* Assignment
In full and without alteration, write out the records.

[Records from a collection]
>>>
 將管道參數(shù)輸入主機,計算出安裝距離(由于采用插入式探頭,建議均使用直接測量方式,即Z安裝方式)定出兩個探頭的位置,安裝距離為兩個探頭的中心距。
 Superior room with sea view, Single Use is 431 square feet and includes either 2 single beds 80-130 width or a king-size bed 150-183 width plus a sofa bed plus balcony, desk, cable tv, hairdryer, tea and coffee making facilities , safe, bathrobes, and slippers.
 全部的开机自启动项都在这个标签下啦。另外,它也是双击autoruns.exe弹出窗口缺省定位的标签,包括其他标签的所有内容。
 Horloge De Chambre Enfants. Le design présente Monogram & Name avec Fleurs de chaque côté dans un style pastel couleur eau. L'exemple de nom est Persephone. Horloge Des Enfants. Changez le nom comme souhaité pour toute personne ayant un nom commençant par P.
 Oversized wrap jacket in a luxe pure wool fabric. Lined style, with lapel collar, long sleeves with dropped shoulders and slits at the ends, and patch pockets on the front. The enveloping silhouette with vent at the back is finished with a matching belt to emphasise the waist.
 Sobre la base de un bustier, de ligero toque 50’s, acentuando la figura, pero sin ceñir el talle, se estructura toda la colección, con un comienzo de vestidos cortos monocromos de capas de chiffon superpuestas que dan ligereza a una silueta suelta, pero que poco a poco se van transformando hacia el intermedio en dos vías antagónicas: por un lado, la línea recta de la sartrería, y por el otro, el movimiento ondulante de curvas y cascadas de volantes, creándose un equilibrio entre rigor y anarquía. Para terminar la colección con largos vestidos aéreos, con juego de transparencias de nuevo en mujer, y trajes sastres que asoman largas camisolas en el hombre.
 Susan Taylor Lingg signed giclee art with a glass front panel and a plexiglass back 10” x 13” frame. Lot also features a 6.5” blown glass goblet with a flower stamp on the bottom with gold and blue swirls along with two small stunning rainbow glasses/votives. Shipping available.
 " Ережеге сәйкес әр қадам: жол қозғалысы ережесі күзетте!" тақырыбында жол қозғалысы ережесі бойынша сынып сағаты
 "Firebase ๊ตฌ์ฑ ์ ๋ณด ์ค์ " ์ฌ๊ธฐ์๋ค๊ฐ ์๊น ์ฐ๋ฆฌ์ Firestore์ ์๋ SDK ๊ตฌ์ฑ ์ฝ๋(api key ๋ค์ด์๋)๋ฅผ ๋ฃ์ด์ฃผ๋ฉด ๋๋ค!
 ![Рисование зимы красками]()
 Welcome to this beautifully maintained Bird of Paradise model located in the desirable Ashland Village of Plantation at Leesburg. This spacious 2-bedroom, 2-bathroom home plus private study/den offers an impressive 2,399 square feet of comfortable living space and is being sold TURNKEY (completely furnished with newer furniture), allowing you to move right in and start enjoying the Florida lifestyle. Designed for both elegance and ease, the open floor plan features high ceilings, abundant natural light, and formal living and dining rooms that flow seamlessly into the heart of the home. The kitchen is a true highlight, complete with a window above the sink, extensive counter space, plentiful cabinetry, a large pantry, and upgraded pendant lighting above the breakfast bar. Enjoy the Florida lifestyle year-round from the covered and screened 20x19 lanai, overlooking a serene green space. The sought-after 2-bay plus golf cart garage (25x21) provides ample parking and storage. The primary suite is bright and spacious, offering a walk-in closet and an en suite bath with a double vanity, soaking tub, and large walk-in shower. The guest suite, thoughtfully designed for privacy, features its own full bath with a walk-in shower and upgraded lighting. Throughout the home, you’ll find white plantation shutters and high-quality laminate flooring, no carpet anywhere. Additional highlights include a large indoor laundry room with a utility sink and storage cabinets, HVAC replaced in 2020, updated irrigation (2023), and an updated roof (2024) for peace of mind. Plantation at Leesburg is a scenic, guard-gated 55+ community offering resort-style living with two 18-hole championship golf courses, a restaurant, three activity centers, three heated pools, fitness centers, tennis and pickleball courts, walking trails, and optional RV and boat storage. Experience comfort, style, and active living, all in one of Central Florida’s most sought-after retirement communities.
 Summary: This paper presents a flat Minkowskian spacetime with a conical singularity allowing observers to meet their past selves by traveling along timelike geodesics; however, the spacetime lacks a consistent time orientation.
<<<
* Exercise result
 將管道參數(shù)輸入主機,計算出安裝距離(由于采用插入式探頭,建議均使用直接測量方式,即Z安裝方式)定出兩個探頭的位置,安裝距離為兩個探頭的中心距。
 Superior room with sea view, Single Use is 431 square feet and includes either 2 single beds 80-130 width or a king-size bed 150-183 width plus a sofa bed plus balcony, desk, cable tv, hairdryer, tea and coffee making facilities , safe, bathrobes, and slippers.
 全部的开机自启动项都在这个标签下啦。另外,它也是双击autoruns.exe弹出窗口缺省定位的标签,包括其他标签的所有内容。
 Horloge De Chambre Enfants. Le design présente Monogram & Name avec Fleurs de chaque côté dans un style pastel couleur eau. L'exemple de nom est Persephone. Horloge Des Enfants. Changez le nom comme souhaité pour toute personne ayant un nom commençant par P.
 Oversized wrap jacket in a luxe pure wool fabric. Lined style, with lapel collar, long sleeves with dropped shoulders and slits at the ends, and patch pockets on the front. The enveloping silhouette with vent at the back is finished with a matching belt to emphasise the waist.
 Sobre la base de un bustier, de ligero toque 50’s, acentuando la figura, pero sin ceñir el talle, se estructura toda la colección, con un comienzo de vestidos cortos monocromos de capas de chiffon superpuestas que dan ligereza a una silueta suelta, pero que poco a poco se van transformando hacia el intermedio en dos vías antagónicas: por un lado, la línea recta de la sartrería, y por el otro, el movimiento ondulante de curvas y cascadas de volantes, creándose un equilibrio entre rigor y anarquía. Para terminar la colección con largos vestidos aéreos, con juego de transparencias de nuevo en mujer, y trajes sastres que asoman largas camisolas en el hombre.
 Susan Taylor Lingg signed giclee art with a glass front panel and a plexiglass back 10” x 13” frame. Lot also features a 6.5” blown glass goblet with a flower stamp on the bottom with gold and blue swirls along with two small stunning rainbow glasses/votives. Shipping available.
 " Ережеге сәйкес әр қадам: жол қозғалысы ережесі күзетте!" тақырыбында жол қозғалысы ережесі бойынша сынып сағаты
 "Firebase ๊ตฌ์ฑ ์ ๋ณด ์ค์ " ์ฌ๊ธฐ์๋ค๊ฐ ์๊น ์ฐ๋ฆฌ์ Firestore์ ์๋ SDK ๊ตฌ์ฑ ์ฝ๋(api key ๋ค์ด์๋)๋ฅผ ๋ฃ์ด์ฃผ๋ฉด ๋๋ค!
 ![Рисование зимы красками]()
 Welcome to this beautifully maintained Bird of Paradise model located in the desirable Ashland Village of Plantation at Leesburg. This spacious 2-bedroom, 2-bathroom home plus private study/den offers an impressive 2,399 square feet of comfortable living space and is being sold TURNKEY (completely furnished with newer furniture), allowing you to move right in and start enjoying the Florida lifestyle. Designed for both elegance and ease, the open floor plan features high ceilings, abundant natural light, and formal living and dining rooms that flow seamlessly into the heart of the home. The kitchen is a true highlight, complete with a window above the sink, extensive counter space, plentiful cabinetry, a large pantry, and upgraded pendant lighting above the breakfast bar. Enjoy the Florida lifestyle year-round from the covered and screened 20x19 lanai, overlooking a serene green space. The sought-after 2-bay plus golf cart garage (25x21) provides ample parking and storage. The primary suite is bright and spacious, offering a walk-in closet and an en suite bath with a double vanity, soaking tub, and large walk-in shower. The guest suite, thoughtfully designed for privacy, features its own full bath with a walk-in shower and upgraded lighting. Throughout the home, you’ll find white plantation shutters and high-quality laminate flooring, no carpet anywhere. Additional highlights include a large indoor laundry room with a utility sink and storage cabinets, HVAC replaced in 2020, updated irrigation (2023), and an updated roof (2024) for peace of mind. Plantation at Leesburg is a scenic, guard-gated 55+ community offering resort-style living with two 18-hole championship golf courses, a restaurant, three activity centers, three heated pools, fitness centers, tennis and pickleball courts, walking trails, and optional RV and boat storage. Experience comfort, style, and active living, all in one of Central Florida’s most sought-after retirement communities.
 Summary: This paper presents a flat Minkowskian spacetime with a conical singularity allowing observers to meet their past selves by traveling along timelike geodesics; however, the spacetime lacks a consistent time orientation.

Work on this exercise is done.